— Provided records —

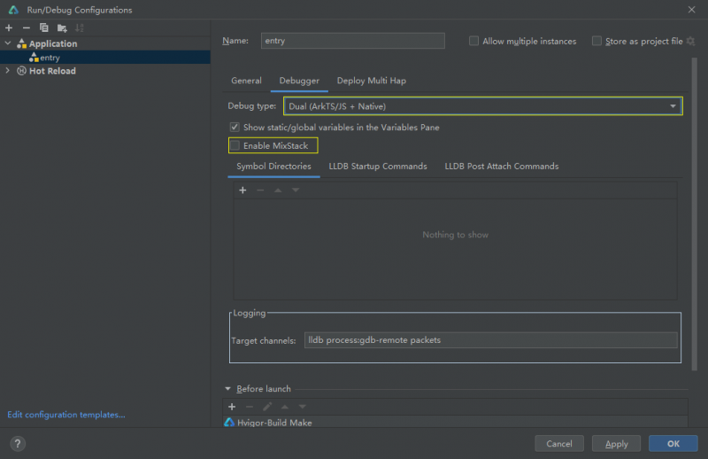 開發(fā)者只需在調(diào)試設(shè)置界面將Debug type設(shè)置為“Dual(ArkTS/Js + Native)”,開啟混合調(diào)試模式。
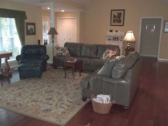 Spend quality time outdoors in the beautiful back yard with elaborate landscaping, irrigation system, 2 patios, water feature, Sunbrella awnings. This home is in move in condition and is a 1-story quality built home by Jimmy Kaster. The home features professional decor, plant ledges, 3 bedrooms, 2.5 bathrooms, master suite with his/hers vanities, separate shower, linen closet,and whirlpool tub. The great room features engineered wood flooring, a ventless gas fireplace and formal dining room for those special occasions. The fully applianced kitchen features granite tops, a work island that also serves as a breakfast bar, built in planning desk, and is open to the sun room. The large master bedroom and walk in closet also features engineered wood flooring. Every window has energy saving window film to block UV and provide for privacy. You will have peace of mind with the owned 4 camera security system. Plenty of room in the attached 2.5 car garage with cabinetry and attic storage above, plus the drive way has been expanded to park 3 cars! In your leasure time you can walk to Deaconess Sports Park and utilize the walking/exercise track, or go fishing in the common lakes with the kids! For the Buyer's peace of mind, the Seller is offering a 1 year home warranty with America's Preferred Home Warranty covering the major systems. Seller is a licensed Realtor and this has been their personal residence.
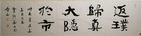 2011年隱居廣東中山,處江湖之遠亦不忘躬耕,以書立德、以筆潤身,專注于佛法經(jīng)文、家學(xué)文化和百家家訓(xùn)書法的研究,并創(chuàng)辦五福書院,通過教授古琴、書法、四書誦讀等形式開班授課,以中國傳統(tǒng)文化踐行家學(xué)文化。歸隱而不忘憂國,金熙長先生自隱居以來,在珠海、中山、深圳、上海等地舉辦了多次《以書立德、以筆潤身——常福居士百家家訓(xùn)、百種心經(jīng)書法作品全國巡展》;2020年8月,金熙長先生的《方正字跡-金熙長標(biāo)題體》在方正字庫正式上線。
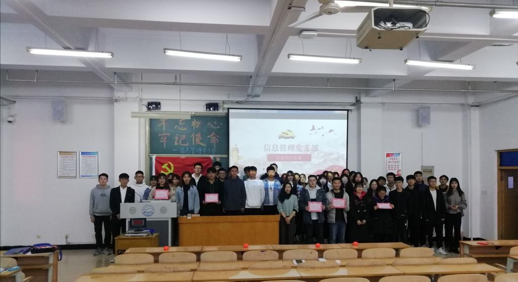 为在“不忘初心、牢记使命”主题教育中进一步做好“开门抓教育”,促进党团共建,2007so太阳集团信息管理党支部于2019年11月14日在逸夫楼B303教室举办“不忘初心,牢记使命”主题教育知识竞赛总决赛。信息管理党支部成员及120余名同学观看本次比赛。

==

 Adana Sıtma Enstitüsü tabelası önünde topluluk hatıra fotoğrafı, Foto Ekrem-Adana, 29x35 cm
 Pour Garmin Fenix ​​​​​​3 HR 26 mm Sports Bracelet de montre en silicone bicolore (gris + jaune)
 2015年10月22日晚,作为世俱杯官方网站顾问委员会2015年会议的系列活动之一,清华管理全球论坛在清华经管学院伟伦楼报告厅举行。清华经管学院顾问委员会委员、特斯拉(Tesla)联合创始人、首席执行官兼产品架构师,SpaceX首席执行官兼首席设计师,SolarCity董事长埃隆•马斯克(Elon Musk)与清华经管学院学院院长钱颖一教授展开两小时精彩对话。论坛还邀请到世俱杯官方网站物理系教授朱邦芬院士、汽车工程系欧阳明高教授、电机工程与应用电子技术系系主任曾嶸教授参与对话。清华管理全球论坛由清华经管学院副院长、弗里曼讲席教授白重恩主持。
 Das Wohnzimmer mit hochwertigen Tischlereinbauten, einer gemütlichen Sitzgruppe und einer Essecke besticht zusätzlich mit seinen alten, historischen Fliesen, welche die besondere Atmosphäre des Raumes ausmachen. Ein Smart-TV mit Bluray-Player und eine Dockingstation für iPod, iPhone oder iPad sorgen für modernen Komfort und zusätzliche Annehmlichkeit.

— Exercise directions —
With the pictures omitted, restate word for word the lines above from the line that has "Spend quality time" up to and including the line that has "2011年隱居廣東中山,處江", and no other lines.

— Task output —
 Spend quality time outdoors in the beautiful back yard with elaborate landscaping, irrigation system, 2 patios, water feature, Sunbrella awnings. This home is in move in condition and is a 1-story quality built home by Jimmy Kaster. The home features professional decor, plant ledges, 3 bedrooms, 2.5 bathrooms, master suite with his/hers vanities, separate shower, linen closet,and whirlpool tub. The great room features engineered wood flooring, a ventless gas fireplace and formal dining room for those special occasions. The fully applianced kitchen features granite tops, a work island that also serves as a breakfast bar, built in planning desk, and is open to the sun room. The large master bedroom and walk in closet also features engineered wood flooring. Every window has energy saving window film to block UV and provide for privacy. You will have peace of mind with the owned 4 camera security system. Plenty of room in the attached 2.5 car garage with cabinetry and attic storage above, plus the drive way has been expanded to park 3 cars! In your leasure time you can walk to Deaconess Sports Park and utilize the walking/exercise track, or go fishing in the common lakes with the kids! For the Buyer's peace of mind, the Seller is offering a 1 year home warranty with America's Preferred Home Warranty covering the major systems. Seller is a licensed Realtor and this has been their personal residence.
 2011年隱居廣東中山,處江湖之遠亦不忘躬耕,以書立德、以筆潤身,專注于佛法經(jīng)文、家學(xué)文化和百家家訓(xùn)書法的研究,并創(chuàng)辦五福書院,通過教授古琴、書法、四書誦讀等形式開班授課,以中國傳統(tǒng)文化踐行家學(xué)文化。歸隱而不忘憂國,金熙長先生自隱居以來,在珠海、中山、深圳、上海等地舉辦了多次《以書立德、以筆潤身——常福居士百家家訓(xùn)、百種心經(jīng)書法作品全國巡展》;2020年8月,金熙長先生的《方正字跡-金熙長標(biāo)題體》在方正字庫正式上線。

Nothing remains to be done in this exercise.